I have been dating this girl for 3 years and now all of sudden, before Christmas season began she started to act cold and distant around me. Like I wanted to go out, have dinner with her, spend the day together.. you know, things like these... and she was like "no, we have to study" or "no, I don't have time and I'm not feeling like I want to cuddle", "I'm nervous for the exams" (excuses, lol) so like 4 days ago I decided to talk with her seriously, because previously any time I said to her that something was wrong with her she was like oh nothing, don't worry.
Well... here comes what happened... I told her if she still loved me (very dramatic haha) and she decided to tell me what was happening with her all this time. She told me that after a while (half a month) she had doubts, she was looking at me as her best friend rather than as her boyfriend, she still loves me but not in the same way she did before and she misses me but not in the same way I do. When she told me this... well... I got all mad and angry at her. I couldn't believe it because we have been through a lot together. It's been 3 years together!!
Her family didn't want me to be with her and we have been hiding all this time, we have broke up a few times because of this and we have been caught too but we ended up together after all. And I gave her everything, and I did everything for her, even her closest friends have said to me that I put A LOT more effort in our relationship than her (I could tell you more details about this). She basically had me at the palm of her hand lol.
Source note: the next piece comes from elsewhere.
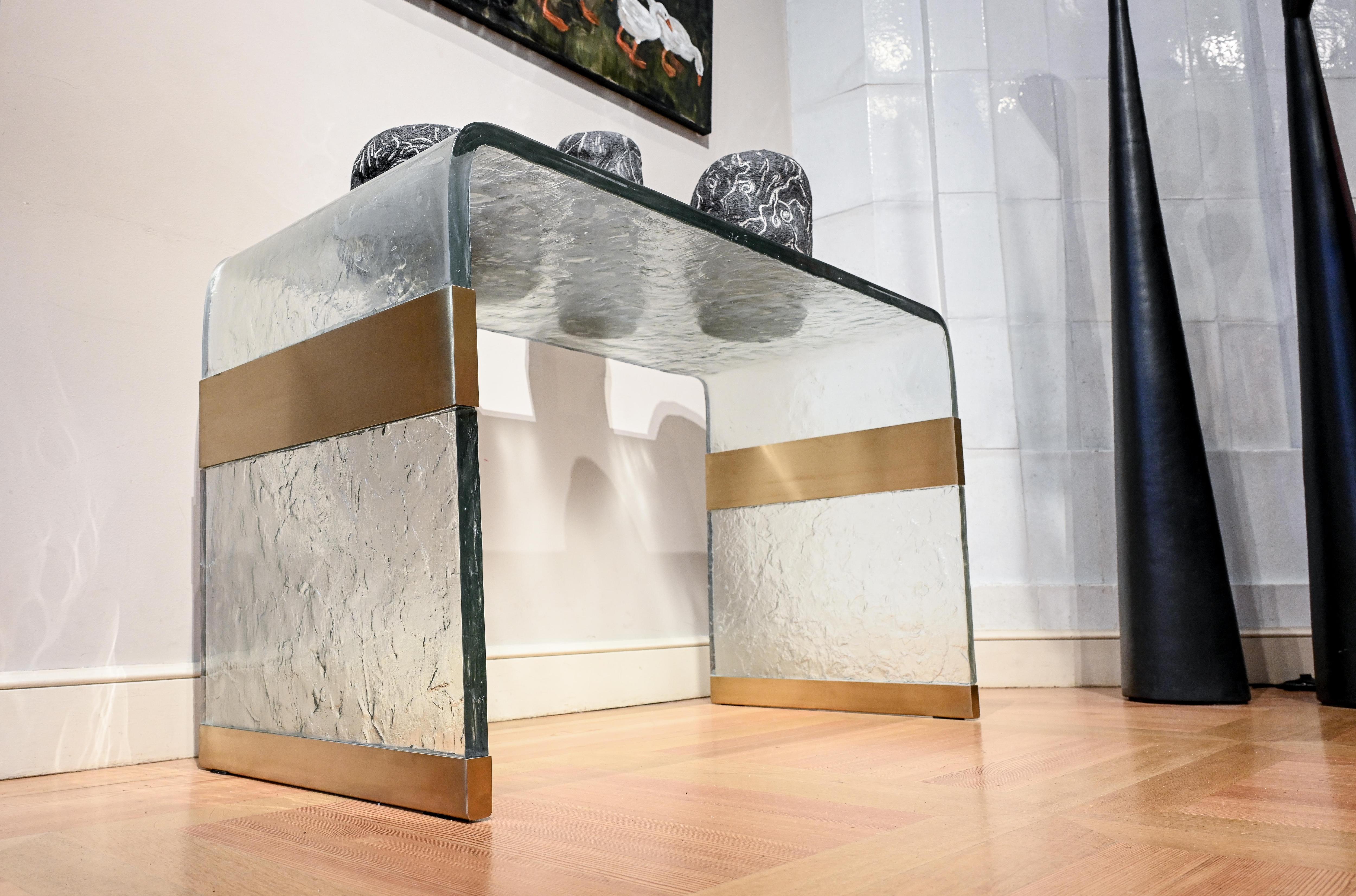 Стеклянный стол «Сны Байкала» от Марии и Павла Ивановых — как кусок чистого озерного льда или как искрящаяся сосулька, которую в детстве все пробовали на вкус.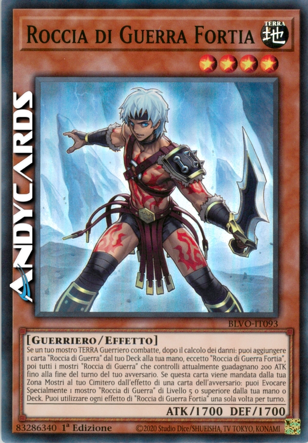 Se un tuo mostro TERRA Guerriero combatte, dopo il calcolo dei danni: puoi aggiungere 1 carta "Roccia di Guerra" dal tuo Deck alla tua mano, eccetto "Roccia di Guerra Fortia", poi tutti i mostri "Roccia di Guerra" che controlli attualmente guadagnano 200 ATK fino alla fine del turno del tuo avversario. Se questa carta viene mandata dalla tua Zona Mostri al tuo Cimitero dall'effetto di una carta dell'avversario: puoi Evocare Specialmente 1 mostro "Roccia di Guerra" di Livello 5 o superiore dalla tua mano o Deck. Puoi utilizzare ogni effetto di "Roccia di Guerra Fortia" una sola volta per turno.

And now... well.. everything is over I guess. We met 2 days ago to talk face to face, and she cried. She told me that she didn't wanna hurt me and she doesn't want to lose me because I'm too important for her (I'm her first boyfriend and she's my first gf) but she had all her feelings mixed up so I said that if she wanted to stay with me she needed to clarify her feelings and she replied that sometimes she sees me as her best friend but others she's like "no, he is more than that, he's my bf", she also said that she was tired.. I guess tired of hiding from her family... idk...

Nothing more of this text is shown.